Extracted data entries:
· · · · ·

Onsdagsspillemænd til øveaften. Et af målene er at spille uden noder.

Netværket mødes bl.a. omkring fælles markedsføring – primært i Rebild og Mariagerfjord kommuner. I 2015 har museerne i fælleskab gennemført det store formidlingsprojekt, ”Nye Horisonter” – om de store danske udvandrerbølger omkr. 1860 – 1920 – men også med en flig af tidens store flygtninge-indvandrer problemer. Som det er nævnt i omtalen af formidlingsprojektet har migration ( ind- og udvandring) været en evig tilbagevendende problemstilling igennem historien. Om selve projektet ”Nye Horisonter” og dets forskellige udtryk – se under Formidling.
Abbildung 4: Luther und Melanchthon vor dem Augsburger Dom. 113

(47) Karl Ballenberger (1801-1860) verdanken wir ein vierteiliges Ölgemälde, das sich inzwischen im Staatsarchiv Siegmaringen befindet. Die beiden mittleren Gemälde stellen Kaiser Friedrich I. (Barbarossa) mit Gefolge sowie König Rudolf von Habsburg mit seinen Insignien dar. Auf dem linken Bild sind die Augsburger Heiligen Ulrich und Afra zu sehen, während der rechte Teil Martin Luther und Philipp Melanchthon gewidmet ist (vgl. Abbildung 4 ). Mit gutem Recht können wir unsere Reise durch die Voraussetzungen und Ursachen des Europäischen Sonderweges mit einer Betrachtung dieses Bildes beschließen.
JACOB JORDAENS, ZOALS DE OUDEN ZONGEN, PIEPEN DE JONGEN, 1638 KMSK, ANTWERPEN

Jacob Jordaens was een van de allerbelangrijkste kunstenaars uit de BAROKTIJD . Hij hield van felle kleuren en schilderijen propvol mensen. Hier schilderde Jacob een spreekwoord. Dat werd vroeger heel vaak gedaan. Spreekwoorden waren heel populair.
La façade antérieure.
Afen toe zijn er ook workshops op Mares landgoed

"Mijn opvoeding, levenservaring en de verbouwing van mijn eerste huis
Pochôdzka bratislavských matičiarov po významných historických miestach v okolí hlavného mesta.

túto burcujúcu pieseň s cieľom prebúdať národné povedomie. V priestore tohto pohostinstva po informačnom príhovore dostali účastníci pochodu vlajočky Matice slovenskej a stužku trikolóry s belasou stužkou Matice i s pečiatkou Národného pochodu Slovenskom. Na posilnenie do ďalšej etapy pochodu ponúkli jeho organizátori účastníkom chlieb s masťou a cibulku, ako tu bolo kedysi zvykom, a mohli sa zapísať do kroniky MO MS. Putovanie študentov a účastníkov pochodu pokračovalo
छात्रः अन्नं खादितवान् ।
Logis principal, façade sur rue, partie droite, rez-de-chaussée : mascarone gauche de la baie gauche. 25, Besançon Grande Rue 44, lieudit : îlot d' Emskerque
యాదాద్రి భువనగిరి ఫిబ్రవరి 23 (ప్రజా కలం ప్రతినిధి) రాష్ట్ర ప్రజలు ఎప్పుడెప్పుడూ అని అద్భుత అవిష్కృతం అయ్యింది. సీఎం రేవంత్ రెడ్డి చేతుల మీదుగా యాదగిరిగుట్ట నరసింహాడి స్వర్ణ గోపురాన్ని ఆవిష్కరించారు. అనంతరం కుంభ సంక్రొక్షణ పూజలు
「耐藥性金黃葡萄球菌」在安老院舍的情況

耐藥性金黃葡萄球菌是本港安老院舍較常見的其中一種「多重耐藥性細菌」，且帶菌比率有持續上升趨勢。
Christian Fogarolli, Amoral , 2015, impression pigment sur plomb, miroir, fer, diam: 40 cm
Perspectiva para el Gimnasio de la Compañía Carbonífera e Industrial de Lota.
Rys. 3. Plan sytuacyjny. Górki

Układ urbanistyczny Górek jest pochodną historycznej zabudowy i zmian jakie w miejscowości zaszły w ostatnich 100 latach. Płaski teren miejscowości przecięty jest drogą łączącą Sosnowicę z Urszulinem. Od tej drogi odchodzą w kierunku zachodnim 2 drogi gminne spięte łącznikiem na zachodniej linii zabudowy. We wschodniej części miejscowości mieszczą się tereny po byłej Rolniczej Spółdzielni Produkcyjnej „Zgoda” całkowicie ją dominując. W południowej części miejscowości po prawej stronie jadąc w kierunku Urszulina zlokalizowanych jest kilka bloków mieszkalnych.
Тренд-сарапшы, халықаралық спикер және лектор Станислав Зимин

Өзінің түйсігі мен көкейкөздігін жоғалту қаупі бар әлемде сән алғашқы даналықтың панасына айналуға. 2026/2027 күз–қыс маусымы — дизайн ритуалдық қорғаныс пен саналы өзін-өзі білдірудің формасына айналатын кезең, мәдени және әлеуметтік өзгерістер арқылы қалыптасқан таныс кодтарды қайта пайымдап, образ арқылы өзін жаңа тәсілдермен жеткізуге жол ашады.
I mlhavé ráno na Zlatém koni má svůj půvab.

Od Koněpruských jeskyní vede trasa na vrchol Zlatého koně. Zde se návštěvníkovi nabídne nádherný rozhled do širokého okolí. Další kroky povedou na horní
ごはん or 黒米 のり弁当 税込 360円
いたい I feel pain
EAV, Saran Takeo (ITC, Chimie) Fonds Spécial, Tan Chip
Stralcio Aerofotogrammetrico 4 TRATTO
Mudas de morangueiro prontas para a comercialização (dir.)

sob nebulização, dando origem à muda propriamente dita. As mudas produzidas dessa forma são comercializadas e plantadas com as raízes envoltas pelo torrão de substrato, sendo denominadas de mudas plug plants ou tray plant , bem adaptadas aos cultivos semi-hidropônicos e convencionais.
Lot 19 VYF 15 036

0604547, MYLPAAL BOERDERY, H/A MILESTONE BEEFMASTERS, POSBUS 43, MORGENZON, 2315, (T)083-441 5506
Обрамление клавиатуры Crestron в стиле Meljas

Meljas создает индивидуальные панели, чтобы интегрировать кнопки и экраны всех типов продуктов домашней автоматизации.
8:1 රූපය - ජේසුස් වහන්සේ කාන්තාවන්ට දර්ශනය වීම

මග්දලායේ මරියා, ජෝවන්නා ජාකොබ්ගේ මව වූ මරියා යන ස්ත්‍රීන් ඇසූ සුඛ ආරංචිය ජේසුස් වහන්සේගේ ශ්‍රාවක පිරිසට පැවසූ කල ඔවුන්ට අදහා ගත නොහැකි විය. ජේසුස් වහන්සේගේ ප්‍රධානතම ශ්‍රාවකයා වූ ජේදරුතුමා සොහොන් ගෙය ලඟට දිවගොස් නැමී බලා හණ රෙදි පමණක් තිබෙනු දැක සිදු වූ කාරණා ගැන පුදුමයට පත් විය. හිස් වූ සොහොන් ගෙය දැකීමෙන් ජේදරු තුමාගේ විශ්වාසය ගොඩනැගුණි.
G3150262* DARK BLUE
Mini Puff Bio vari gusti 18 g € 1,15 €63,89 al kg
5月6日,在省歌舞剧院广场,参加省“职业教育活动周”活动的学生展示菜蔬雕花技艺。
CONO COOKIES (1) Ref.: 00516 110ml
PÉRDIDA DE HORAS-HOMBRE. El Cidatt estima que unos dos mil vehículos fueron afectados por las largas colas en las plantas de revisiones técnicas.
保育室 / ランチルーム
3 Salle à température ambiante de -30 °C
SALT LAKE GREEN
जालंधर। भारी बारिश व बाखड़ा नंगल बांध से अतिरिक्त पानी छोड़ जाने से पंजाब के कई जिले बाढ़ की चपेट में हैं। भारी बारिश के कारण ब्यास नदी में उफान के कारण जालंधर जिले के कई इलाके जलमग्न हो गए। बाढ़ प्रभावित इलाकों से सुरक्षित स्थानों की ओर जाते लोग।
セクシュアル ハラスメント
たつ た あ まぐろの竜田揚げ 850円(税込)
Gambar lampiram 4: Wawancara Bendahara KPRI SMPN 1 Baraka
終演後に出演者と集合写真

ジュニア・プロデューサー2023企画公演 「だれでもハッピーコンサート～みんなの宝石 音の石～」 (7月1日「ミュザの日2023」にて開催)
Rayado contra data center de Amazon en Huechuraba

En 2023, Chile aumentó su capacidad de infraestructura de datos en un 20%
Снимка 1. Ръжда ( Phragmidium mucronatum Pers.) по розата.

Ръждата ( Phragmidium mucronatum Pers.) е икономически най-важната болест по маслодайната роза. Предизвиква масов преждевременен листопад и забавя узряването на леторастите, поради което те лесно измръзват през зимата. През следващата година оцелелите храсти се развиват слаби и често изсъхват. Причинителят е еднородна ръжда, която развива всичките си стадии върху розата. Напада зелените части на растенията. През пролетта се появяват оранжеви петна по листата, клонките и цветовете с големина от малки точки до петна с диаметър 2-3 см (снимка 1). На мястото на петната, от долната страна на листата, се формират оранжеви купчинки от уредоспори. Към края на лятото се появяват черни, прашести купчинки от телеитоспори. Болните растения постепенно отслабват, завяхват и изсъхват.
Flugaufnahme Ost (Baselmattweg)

· · · · ·

TASK DETAILS:
Copy out the range of lines above starting at the line with "mijn eerste huis" and ending at the line with "छात्रः अन्नं खादितवान् ।", exactly and including both.

SOLUTION FOR THIS PROBLEM:
"Mijn opvoeding, levenservaring en de verbouwing van mijn eerste huis
Pochôdzka bratislavských matičiarov po významných historických miestach v okolí hlavného mesta.

túto burcujúcu pieseň s cieľom prebúdať národné povedomie. V priestore tohto pohostinstva po informačnom príhovore dostali účastníci pochodu vlajočky Matice slovenskej a stužku trikolóry s belasou stužkou Matice i s pečiatkou Národného pochodu Slovenskom. Na posilnenie do ďalšej etapy pochodu ponúkli jeho organizátori účastníkom chlieb s masťou a cibulku, ako tu bolo kedysi zvykom, a mohli sa zapísať do kroniky MO MS. Putovanie študentov a účastníkov pochodu pokračovalo
छात्रः अन्नं खादितवान् ।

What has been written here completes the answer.